- Opening Delimiter -

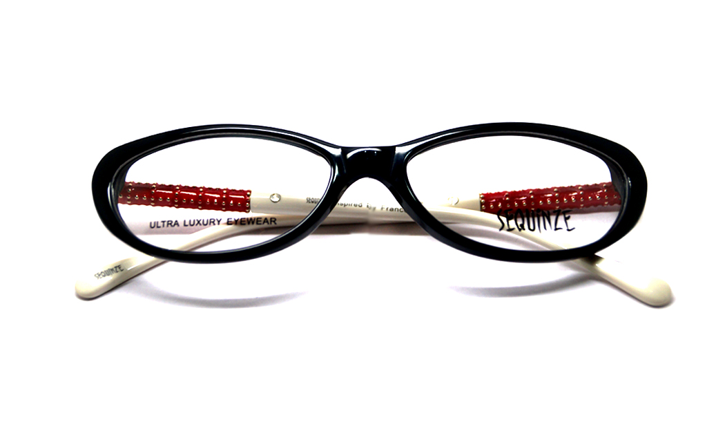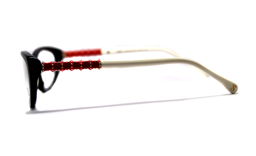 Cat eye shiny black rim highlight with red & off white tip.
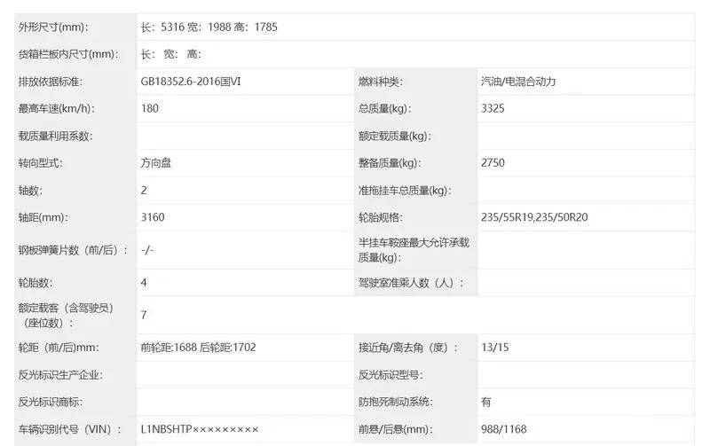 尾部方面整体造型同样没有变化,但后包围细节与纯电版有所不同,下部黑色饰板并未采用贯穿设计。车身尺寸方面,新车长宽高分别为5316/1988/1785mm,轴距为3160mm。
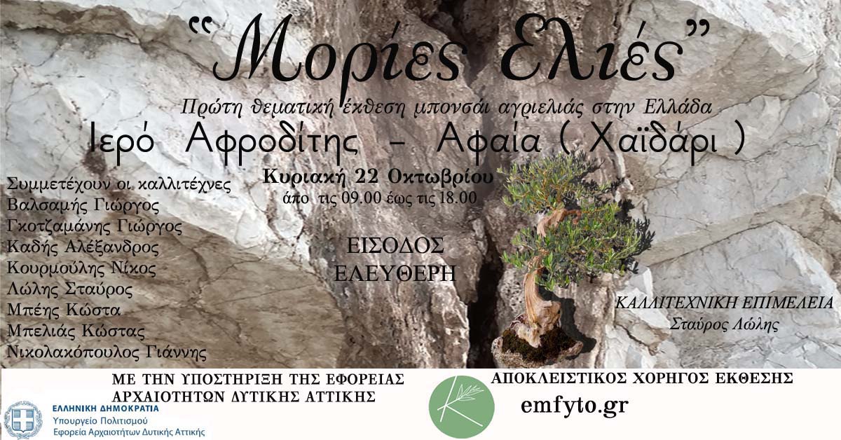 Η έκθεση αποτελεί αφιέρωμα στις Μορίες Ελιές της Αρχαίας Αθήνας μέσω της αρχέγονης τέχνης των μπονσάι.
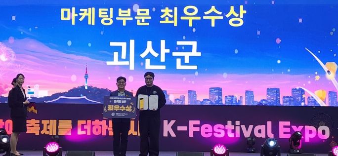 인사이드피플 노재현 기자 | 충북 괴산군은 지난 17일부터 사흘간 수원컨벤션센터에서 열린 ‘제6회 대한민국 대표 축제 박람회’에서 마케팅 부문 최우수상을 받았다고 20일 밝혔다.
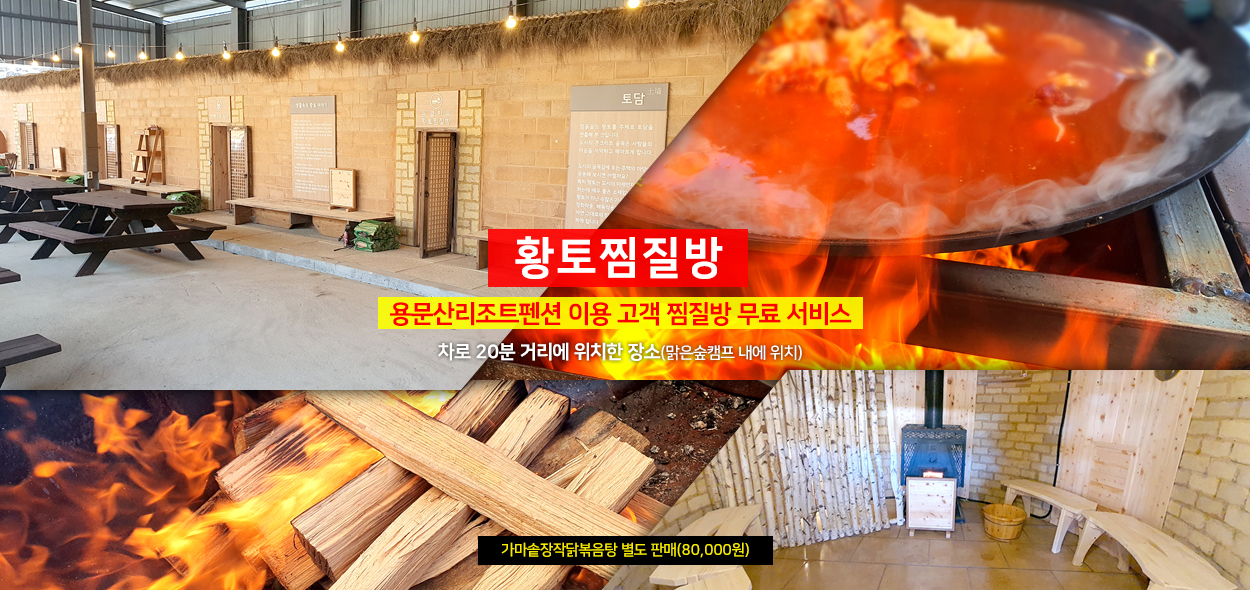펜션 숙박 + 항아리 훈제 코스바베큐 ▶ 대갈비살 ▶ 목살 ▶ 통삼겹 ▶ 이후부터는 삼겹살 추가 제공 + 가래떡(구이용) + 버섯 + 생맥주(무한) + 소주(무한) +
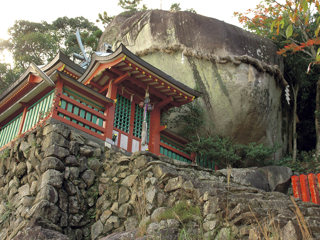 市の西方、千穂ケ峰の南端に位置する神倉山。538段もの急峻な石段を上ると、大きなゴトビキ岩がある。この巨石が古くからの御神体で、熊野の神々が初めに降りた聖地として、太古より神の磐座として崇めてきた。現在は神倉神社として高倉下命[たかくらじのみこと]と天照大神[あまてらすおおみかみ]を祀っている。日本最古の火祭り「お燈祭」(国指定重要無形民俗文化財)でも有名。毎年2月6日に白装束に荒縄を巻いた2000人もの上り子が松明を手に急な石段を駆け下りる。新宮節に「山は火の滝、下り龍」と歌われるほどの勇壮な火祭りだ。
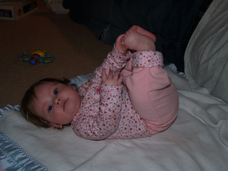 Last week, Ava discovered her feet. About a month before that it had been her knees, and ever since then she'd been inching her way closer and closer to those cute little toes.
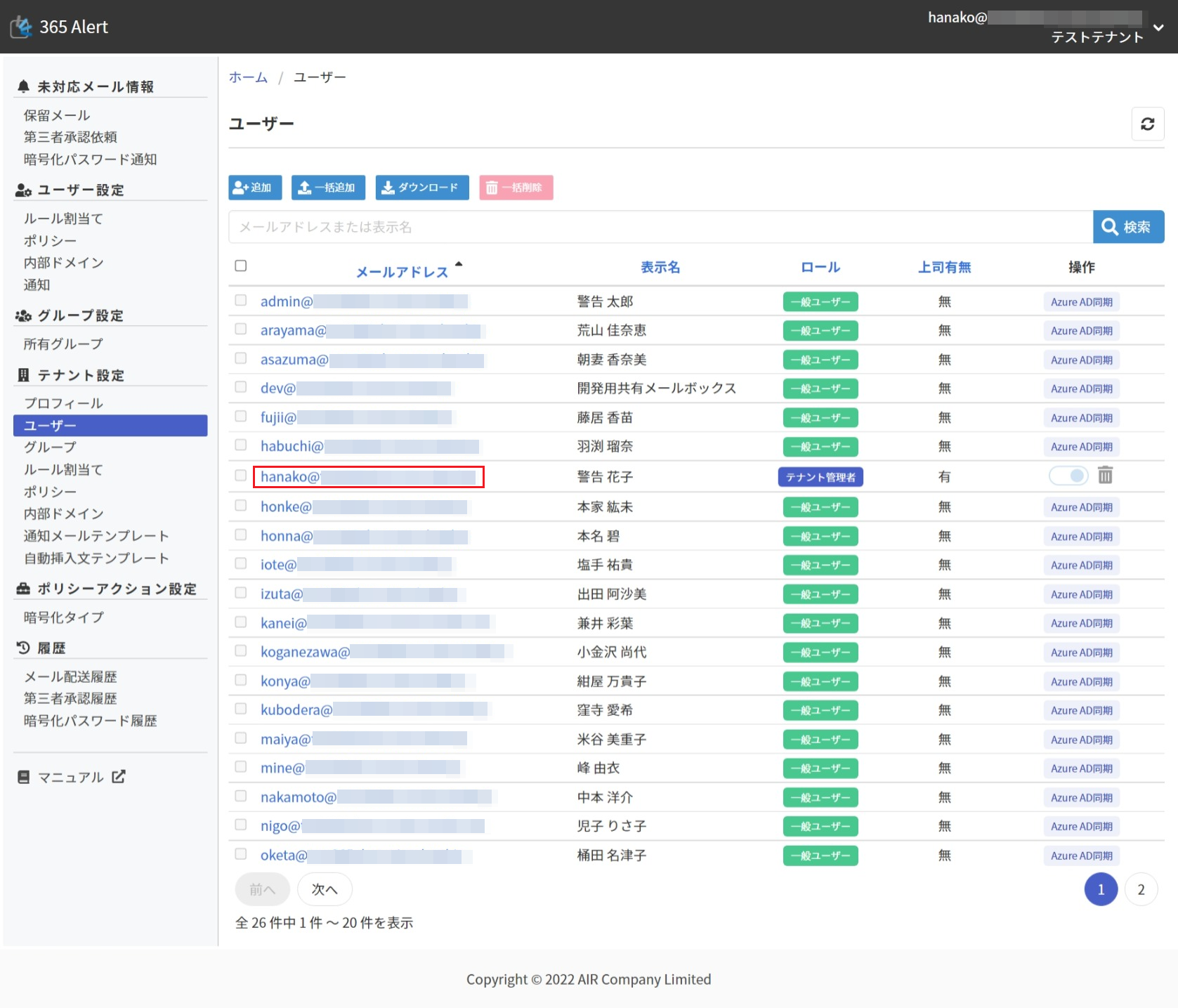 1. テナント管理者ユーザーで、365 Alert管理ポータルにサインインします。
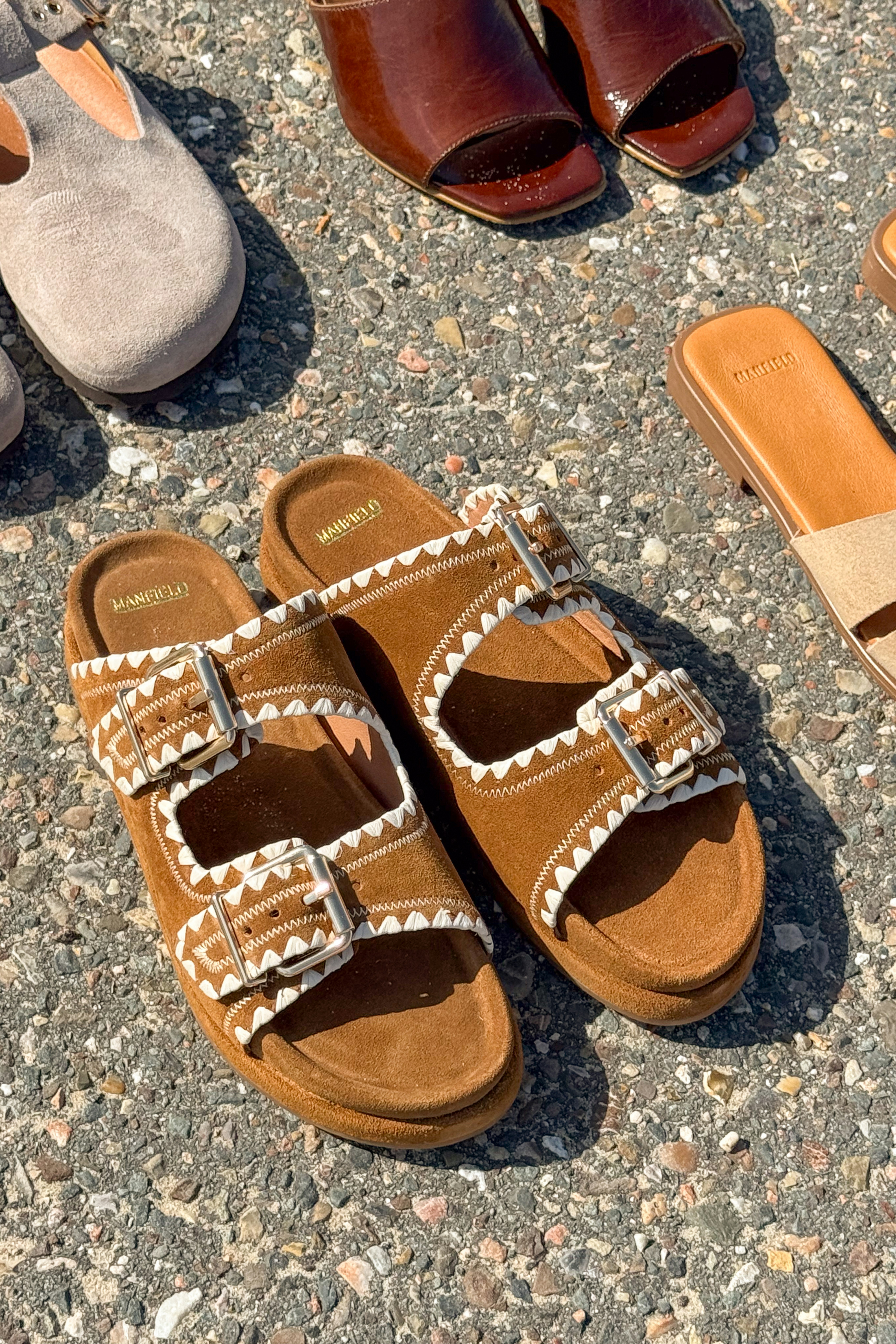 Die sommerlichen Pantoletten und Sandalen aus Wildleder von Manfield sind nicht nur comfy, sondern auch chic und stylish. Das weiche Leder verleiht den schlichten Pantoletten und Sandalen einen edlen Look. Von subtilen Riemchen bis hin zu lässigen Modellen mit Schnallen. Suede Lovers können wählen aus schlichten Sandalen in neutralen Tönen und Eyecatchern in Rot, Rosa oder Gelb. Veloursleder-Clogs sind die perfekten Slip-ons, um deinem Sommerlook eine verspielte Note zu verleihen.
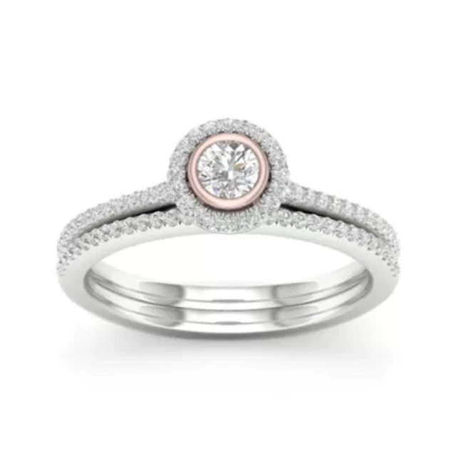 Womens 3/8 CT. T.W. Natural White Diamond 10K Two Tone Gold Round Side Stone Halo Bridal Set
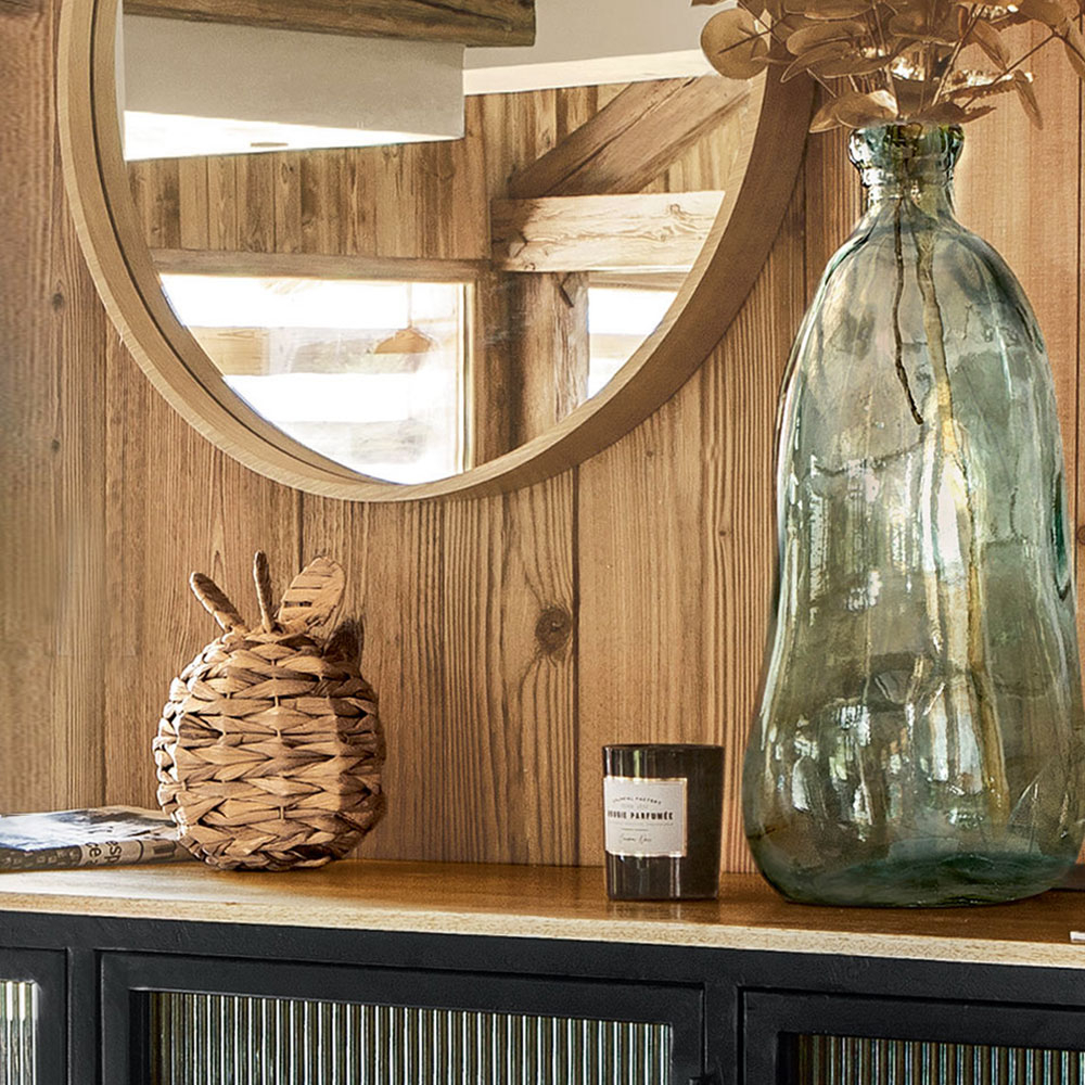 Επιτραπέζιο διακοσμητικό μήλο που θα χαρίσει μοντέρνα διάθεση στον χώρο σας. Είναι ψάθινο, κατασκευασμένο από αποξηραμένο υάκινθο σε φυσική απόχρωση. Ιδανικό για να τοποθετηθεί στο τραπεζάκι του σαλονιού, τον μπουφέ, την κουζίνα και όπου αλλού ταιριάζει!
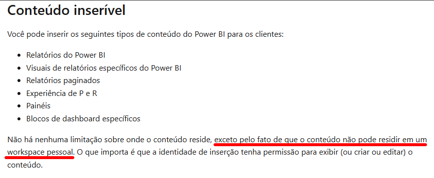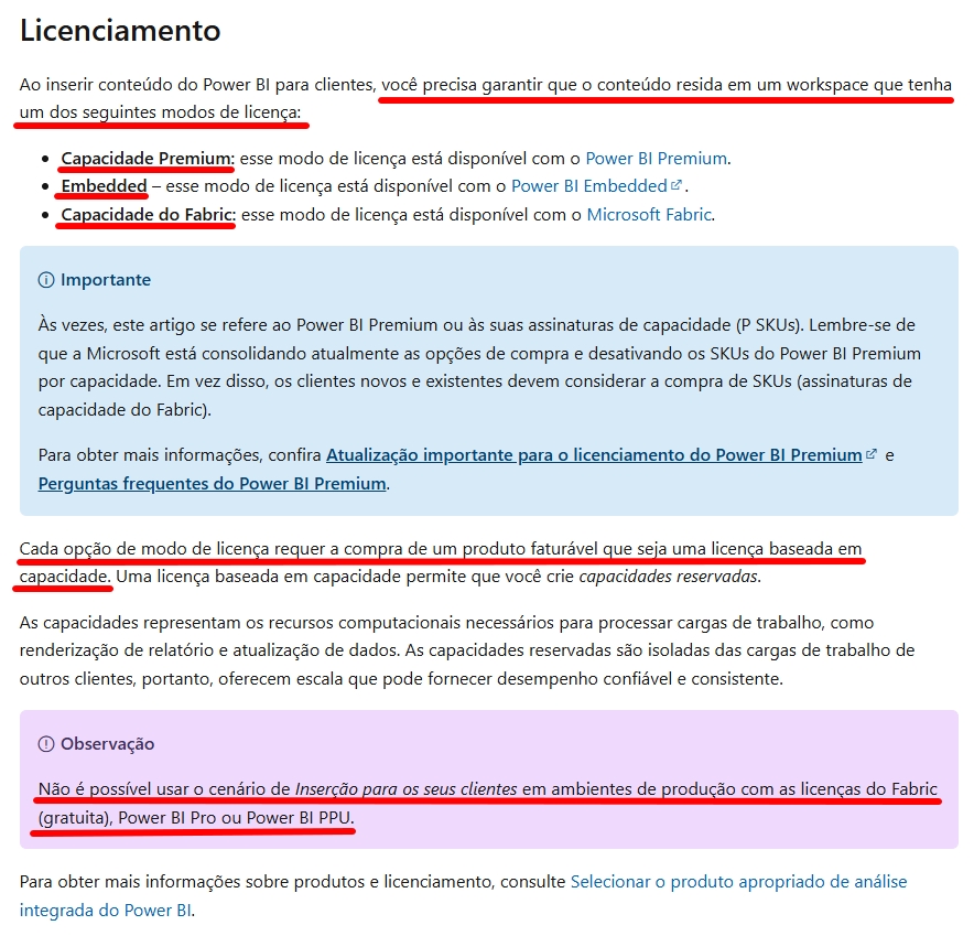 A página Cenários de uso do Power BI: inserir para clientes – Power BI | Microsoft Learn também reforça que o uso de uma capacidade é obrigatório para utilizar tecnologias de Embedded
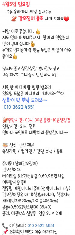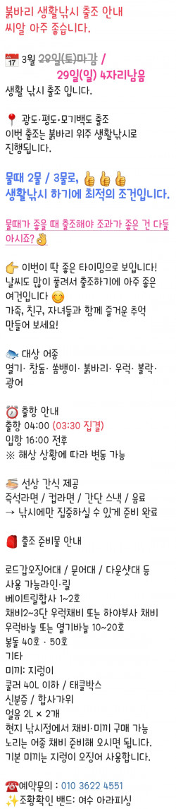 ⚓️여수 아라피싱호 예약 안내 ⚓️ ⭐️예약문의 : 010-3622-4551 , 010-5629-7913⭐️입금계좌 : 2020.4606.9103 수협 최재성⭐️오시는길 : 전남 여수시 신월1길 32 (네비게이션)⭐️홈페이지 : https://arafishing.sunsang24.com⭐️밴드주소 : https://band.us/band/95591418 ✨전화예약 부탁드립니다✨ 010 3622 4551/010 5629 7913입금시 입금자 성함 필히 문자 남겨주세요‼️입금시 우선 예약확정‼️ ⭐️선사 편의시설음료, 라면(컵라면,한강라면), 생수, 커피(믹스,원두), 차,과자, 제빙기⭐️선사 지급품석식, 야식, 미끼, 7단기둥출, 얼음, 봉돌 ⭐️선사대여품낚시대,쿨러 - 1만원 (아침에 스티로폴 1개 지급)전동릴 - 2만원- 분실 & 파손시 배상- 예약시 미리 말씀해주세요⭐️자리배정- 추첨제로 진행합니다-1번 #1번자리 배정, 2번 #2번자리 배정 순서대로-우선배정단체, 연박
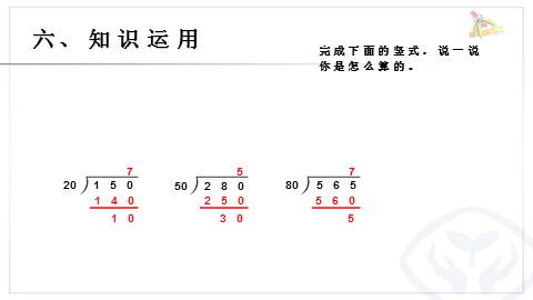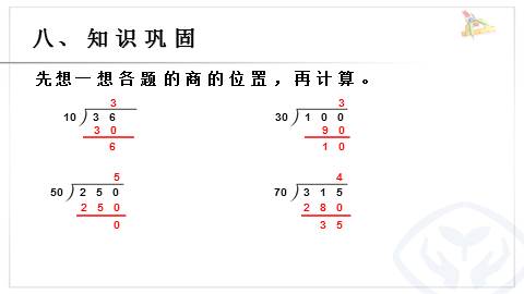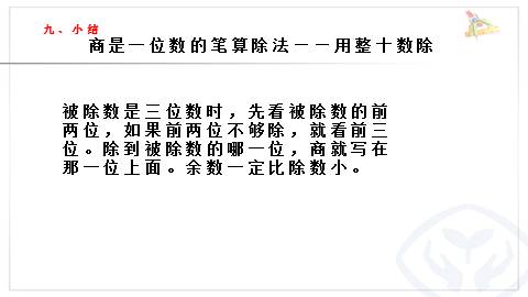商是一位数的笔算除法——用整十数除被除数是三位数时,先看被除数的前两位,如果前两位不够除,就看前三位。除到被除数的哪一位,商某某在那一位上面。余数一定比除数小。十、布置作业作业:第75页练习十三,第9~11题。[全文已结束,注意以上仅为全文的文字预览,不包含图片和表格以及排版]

- Closing Delimiter -

**Exercise:**
Out of the records above, set down only the lines from the one that contains "Last week, Ava" through the one that contains "A página Cenários", unchanged and without the pictures.

**Expected answer:**
 Last week, Ava discovered her feet. About a month before that it had been her knees, and ever since then she'd been inching her way closer and closer to those cute little toes.
 1. テナント管理者ユーザーで、365 Alert管理ポータルにサインインします。
 Die sommerlichen Pantoletten und Sandalen aus Wildleder von Manfield sind nicht nur comfy, sondern auch chic und stylish. Das weiche Leder verleiht den schlichten Pantoletten und Sandalen einen edlen Look. Von subtilen Riemchen bis hin zu lässigen Modellen mit Schnallen. Suede Lovers können wählen aus schlichten Sandalen in neutralen Tönen und Eyecatchern in Rot, Rosa oder Gelb. Veloursleder-Clogs sind die perfekten Slip-ons, um deinem Sommerlook eine verspielte Note zu verleihen.
 Womens 3/8 CT. T.W. Natural White Diamond 10K Two Tone Gold Round Side Stone Halo Bridal Set
 Επιτραπέζιο διακοσμητικό μήλο που θα χαρίσει μοντέρνα διάθεση στον χώρο σας. Είναι ψάθινο, κατασκευασμένο από αποξηραμένο υάκινθο σε φυσική απόχρωση. Ιδανικό για να τοποθετηθεί στο τραπεζάκι του σαλονιού, τον μπουφέ, την κουζίνα και όπου αλλού ταιριάζει!
 A página Cenários de uso do Power BI: inserir para clientes – Power BI | Microsoft Learn também reforça que o uso de uma capacidade é obrigatório para utilizar tecnologias de Embedded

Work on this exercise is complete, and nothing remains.